The Christian Science Monitor published an interview with a former fellow prisoner who said that Solzhenitsyn was the informer responsible for his being sent to a concentration camp. The leading Parisian daily Le Figaro printed an interview with Natalya Reshetovskaya, Solzhenitsyn's divorced wife. She dismissed Solzhenitsyn's new book, The Gulag Archipelago, a study of Soviet terror, as mere "concentration-camp folklore." In addition, vituperative articles by prominent Soviet writers about Gulag have appeared in the New York Times and France's Le Monde. These and other "exclusives" appearing in the Western press were all arranged by the Soviet news agency Novosti in an obvious attempt to discredit Gulag.

Solzhenitsyn's response was quick in coming. In a statement issued to Western correspondents last week, he identified Novosti as a "reliable branch" of the secret police and accused Soviet authorities of "standing on their lies behind a fortress of newsprint." He declared that "world public opinion has thus far kept them from killing the author of Gulag or even from imprisoning him. That would indeed be a confirmation of the book. But there remains the time-honored method of slander and personal vilification that is now being vigorously pursued."

Most galling to Solzhenitsyn was the Christian Science Monitor interview with his boyhood friend Nikolai Vitkevich, who was summoned by Novosti from his home in the Caucasus to Moscow to talk with the Monitor's correspondent. Vitkevich accused Solzhenitsyn of being guilty of the same crime of informing on friends for which the author damns others in Gulag.

In reality, Solzhenitsyn and Vitkevich had exchanged letters criticizing Stalin when both were Red Army officers in World War II. Solzhenitsyn writes in Gulag that this was the cause of their imprisonment in 1945. After being confronted with the letters, Solzhenitsyn was sentenced to eight years of hard labor, plus "perpetual exile"; Vitkevich got ten years, without exile. But last week Vitkevich claimed that Solzhenitsyn had betrayed him and three other people, including the writer's own wife, in order to get "a lighter sentence." As proof, Vitkevich alleged that when he was released in 1957, he was shown part of the record of Solzhenitsyn's 1945 interrogation, bearing notes in Solzhenitsyn's handwriting.

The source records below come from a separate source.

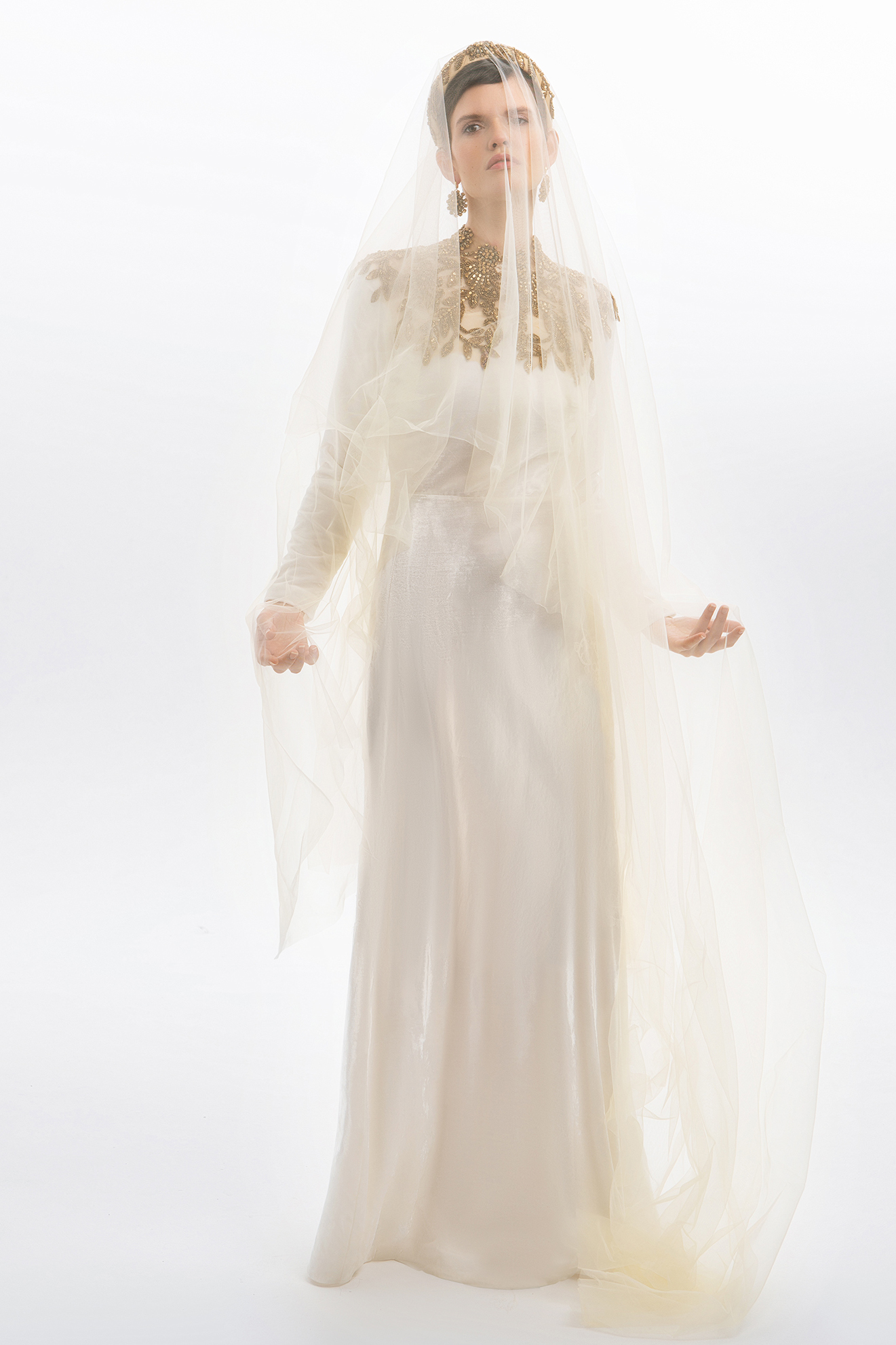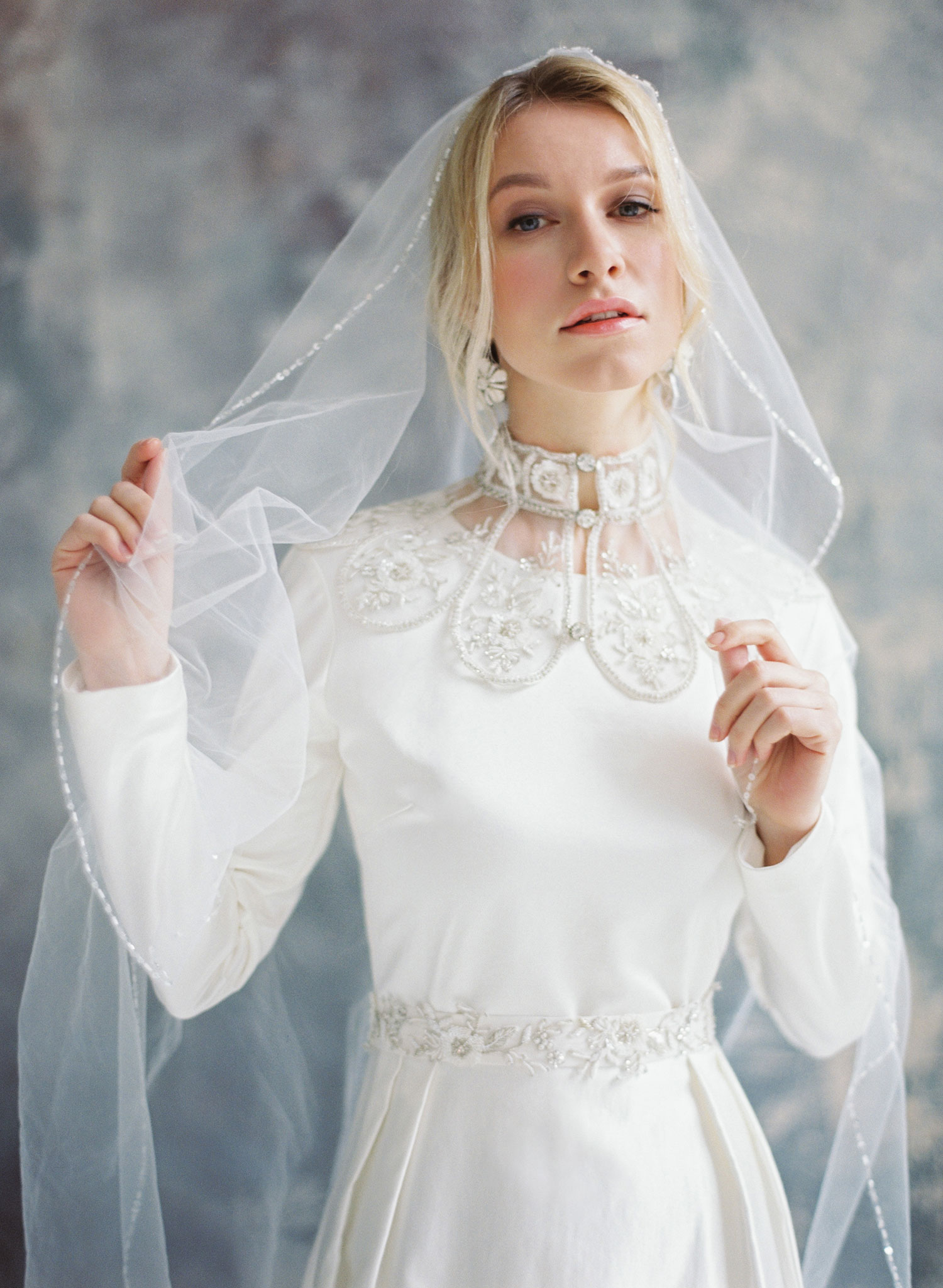 Минимум страз! Максимум жемчуга. Мелкого, рассыпанного по кружеву, как утренняя роса. Или вышивка гладью — нитками в тон платья. Это создает эффект дорогой винтажной вещи, которую носили поколениями. Еще один тренд — пояса и броши на поясе, которые символически «опоясывают» невесту.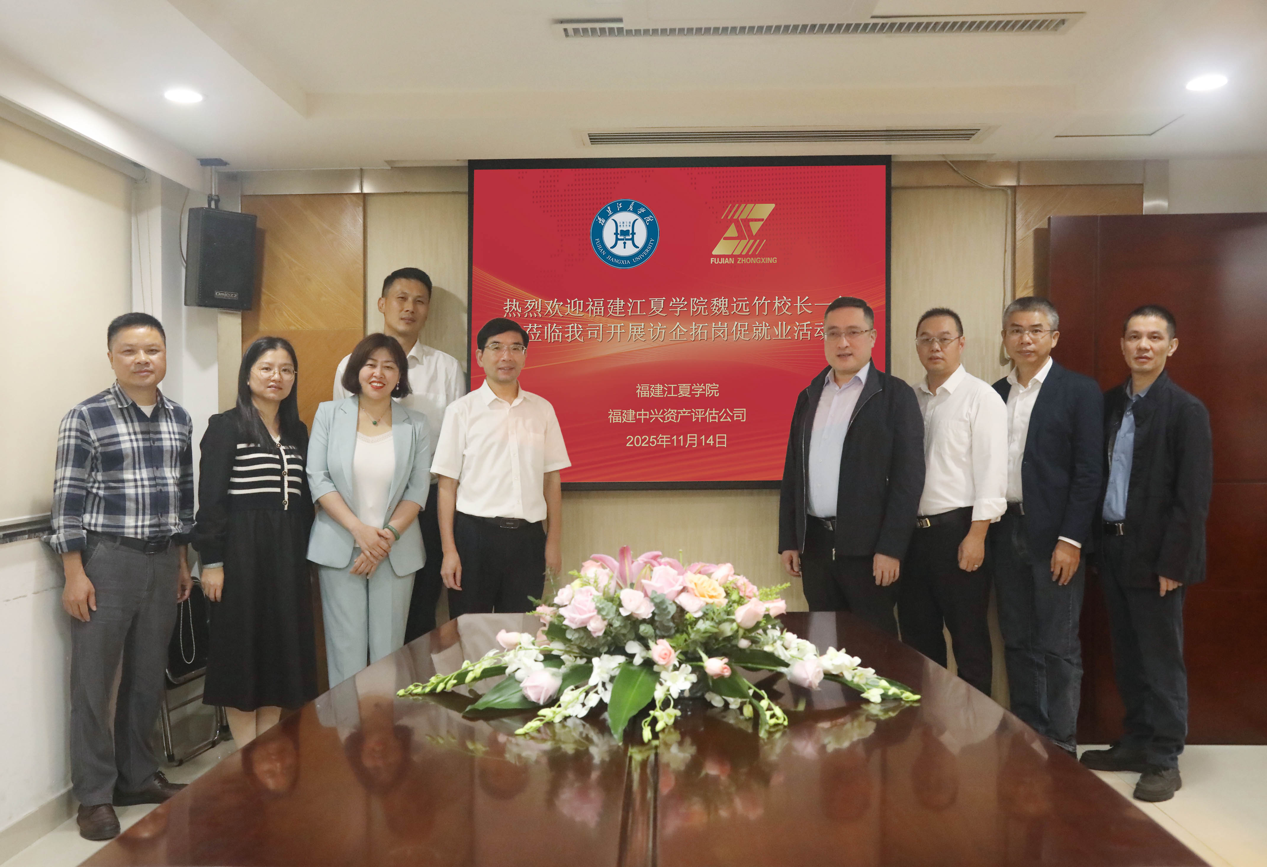 初冬阳光轻洒,合作暖意融融。2025年11月14日,福建江夏学院校长魏远竹带领学校党政办公室、学生工作部、会计学院及资产评估系等所属单位相关负责人莅临中兴评估公司开展访企拓岗促就业专项行动。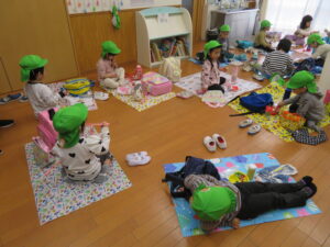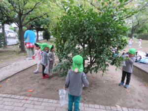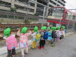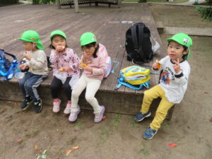 24日に遠足へ行ってきました。手作りの虫探し用カメラと拾ったどんぐりを入れる袋を持って いざ、出発!最初の目的地、田町遊歩道で電車を見送り、田町ふれあい公園で虫探しとどんぐり拾いを楽しんできました。途中のおやつタイムでお菓子をほおばりニコニコ顔でした。楽しみにしていたお弁当は、あいにくの雨でお部屋の中となってしまいましたが、「おいしぃ~♡!」ぃと大満足でした。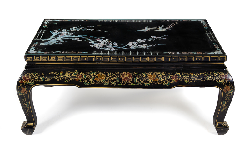 A Chinese Mother-of-Pearl Inlaid Black Lacquered Wood Coffee Table Height 17 3/4 x width 43 x depth 26 inches.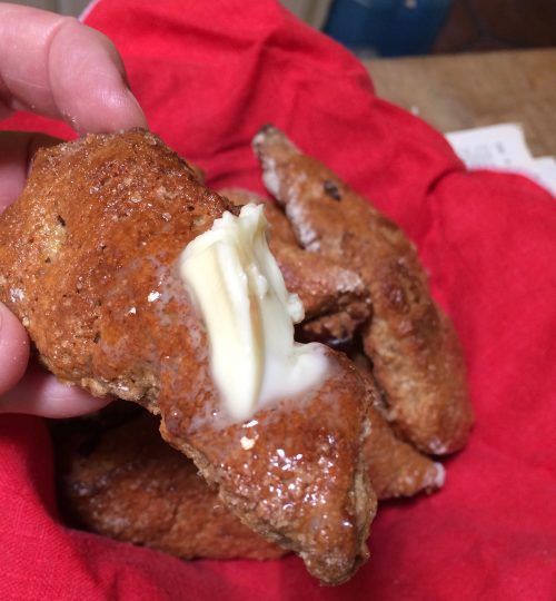 Piping hot with butter–Muff’s date scones made with Ramona Farms roasted O’las Pilkan Chui (Pima Club wheat flour roasted), kamut flour, and chopped Dateland dates.  Who needs clotted cream or lemon curd when it tastes so good already?
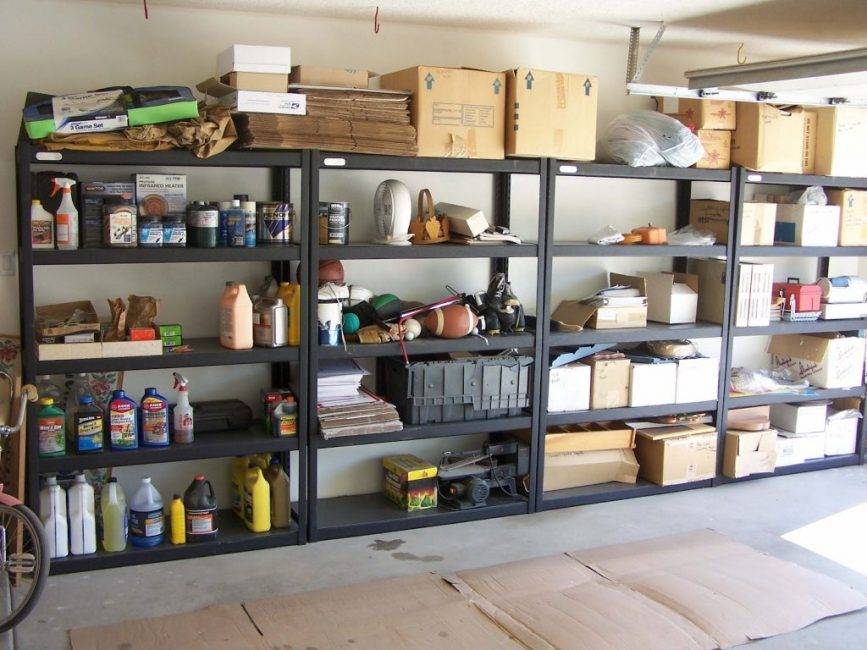 Если на полки будут устанавливаться емкости с жидкостями, по низу лучше предусмотреть небольшие бортики. Обязательно продумайте, где вы будете хранить массивные вещи. Такие полки должны быть дополнительно укреплены. Иначе со временем они провиснут, а затем и вовсе обвалятся. Зимнюю и летнюю резину лучше подвесить ближе к потолку, чтобы она занимала минимум свободного места.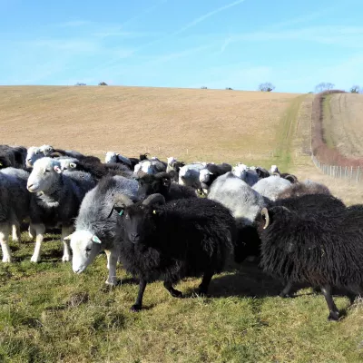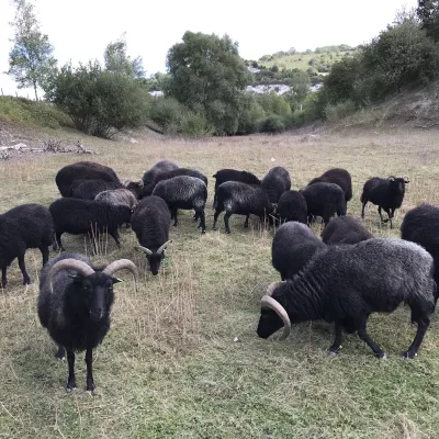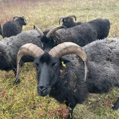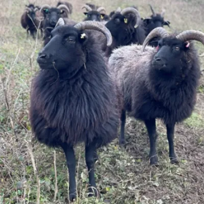 An all-black compact mountain sheep with a taste for bramble and young scrub. Both the males and females have horns, although the males' horns tend to be wider and longer, creating an attractive curl, rather than the backward sweep of the females'.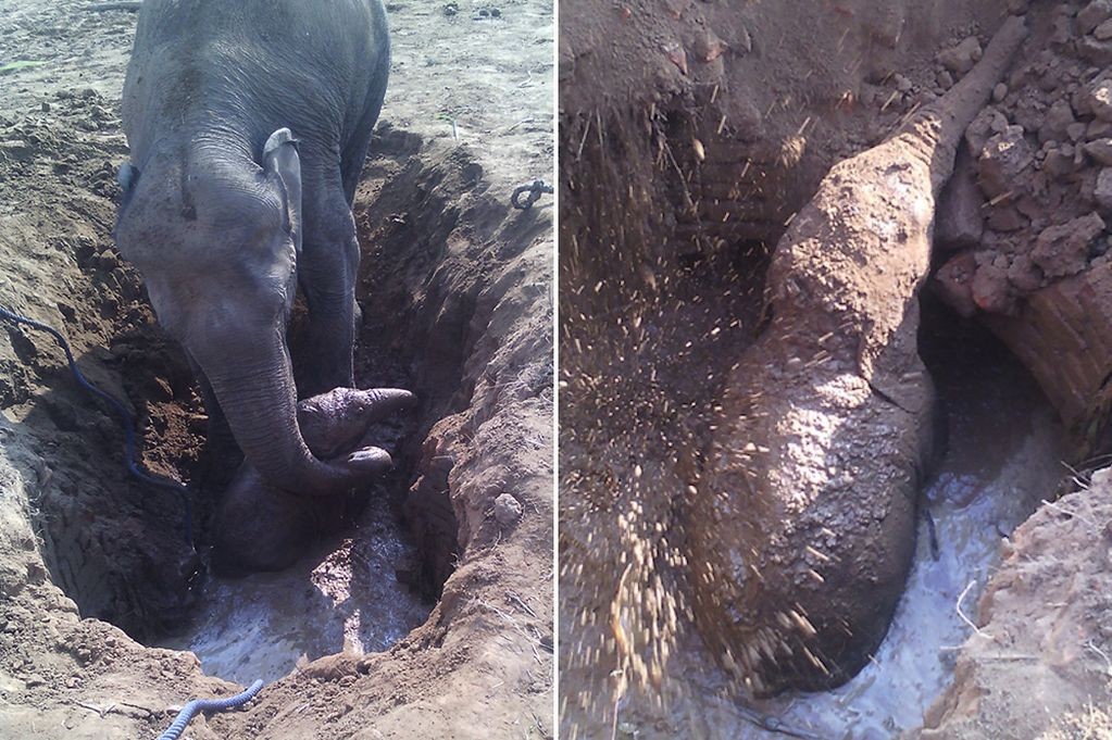 Маленький слоненок упал в старый заброшенный колодец. Слониха 11 часов рыла землю, сбивая в кровь хобот и ноги.

Solzhenitsyn retorted in his detailed statement that "for 29 years Vitkevich did not ever reproach me for my behavior at the investigation-but how convenient it is now to have him join the general chorus." The reliability of Vitkevich's belated accusations appeared questionable. Experts noted that handwritten notations were never permitted on the record of a prisoner's interrogations. Moreover, Soviet Leader Nikita Khrushchev ordered the destruction of the dossiers of all rehabilitated prisoners in the early 1950s.